Decided to Google what I assumed it to be from, and I assumed correctly, but it's also a series I've only played one game from (despite how many there are) so I don't feel terrible about not recognizing it.


----------



## asher (Jan 28, 2015)

MFB said:


> Spoiler:
> 
> 
> Spoiler
> ...



Whoops. Thought it was something else with a very similar font, but not that letter in the game name

These all being correct letters did not occur to me


----------



## All_¥our_Bass (Jan 28, 2015)

D is for DOOM
Date is MGS codec


----------



## troyguitar (Jan 29, 2015)

I thought this thread was going to be about your 3 year old coming home from daycare with a new tattoo.


----------



## Michael T (Jan 29, 2015)

Dude that is killer.

I'm not one to copy peoples ink but I just might take this concept and roll with it.

Perfection man !!


----------



## straymond (Jan 29, 2015)

Thanks, guys!

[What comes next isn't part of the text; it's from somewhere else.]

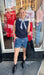 Classic with a cool-girl twist. This navy knit sweater vest features a textured ribbed pattern and a built-in contrast collared neckline for that perfectly layered look—without the bulk. The sleeveless silhouette and slightly cropped length make it easy to style now and later, whether worn solo or layered under a blazer or jacket.
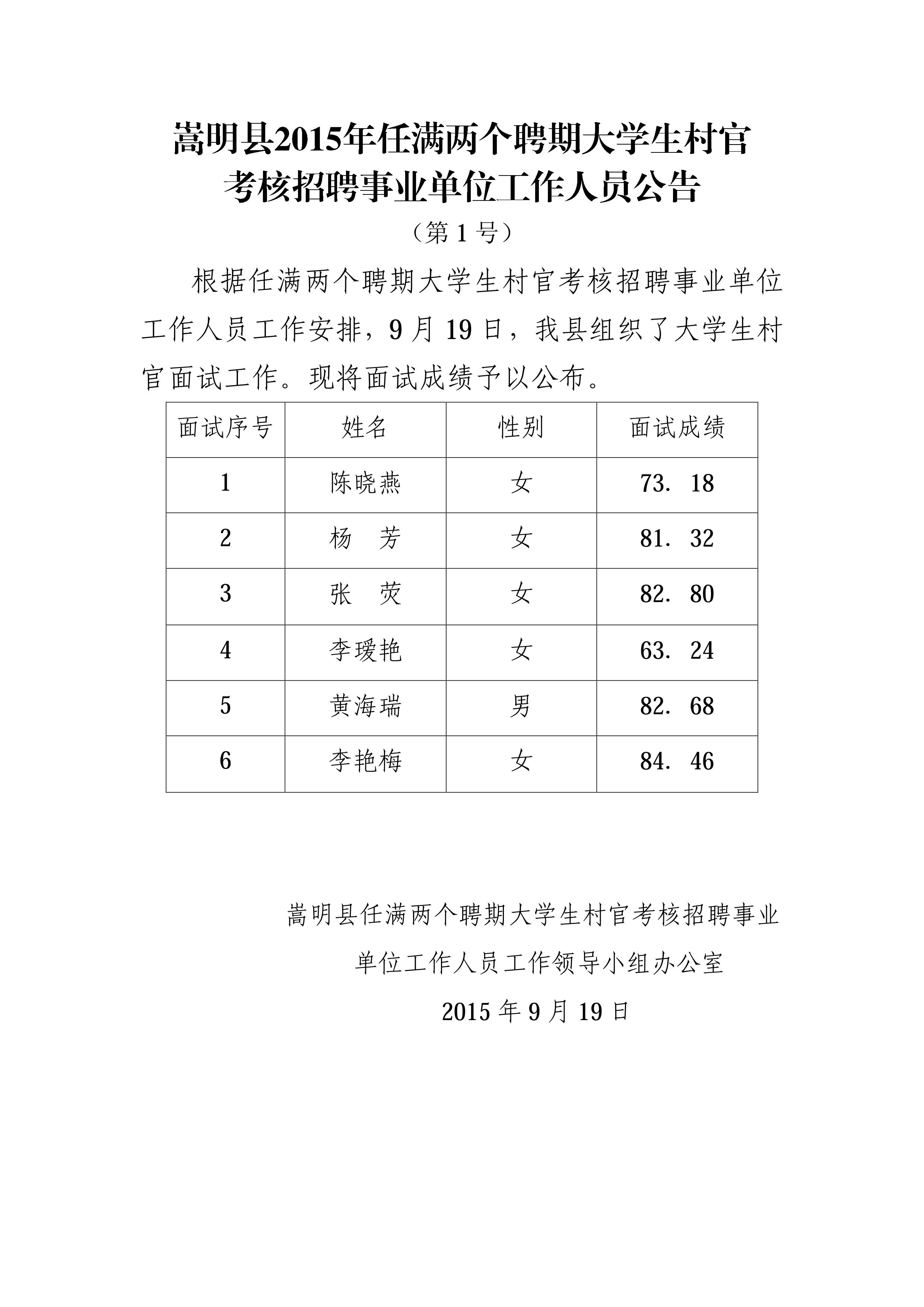 嵩明縣2015年任滿兩個聘期村官招聘事業(yè)單位人員公告

I'm really happy with it 

The letters are as follows;
Transformers
Kingdom Hearts
Mega man life-can
God of war omega
Doom
Umbrella Corp from resident evil
TuRtles
And indeed the metal gear solid codec which tells the birthdate of my son


----------



## asher (Jan 29, 2015)

Thought KH was Castlevania font, because derp 

I love the codec signal birthday!


----------



## straymond (Jan 30, 2015)

Thanks a lot, guys!
I hope some of the details will pop a bit after it heals


----------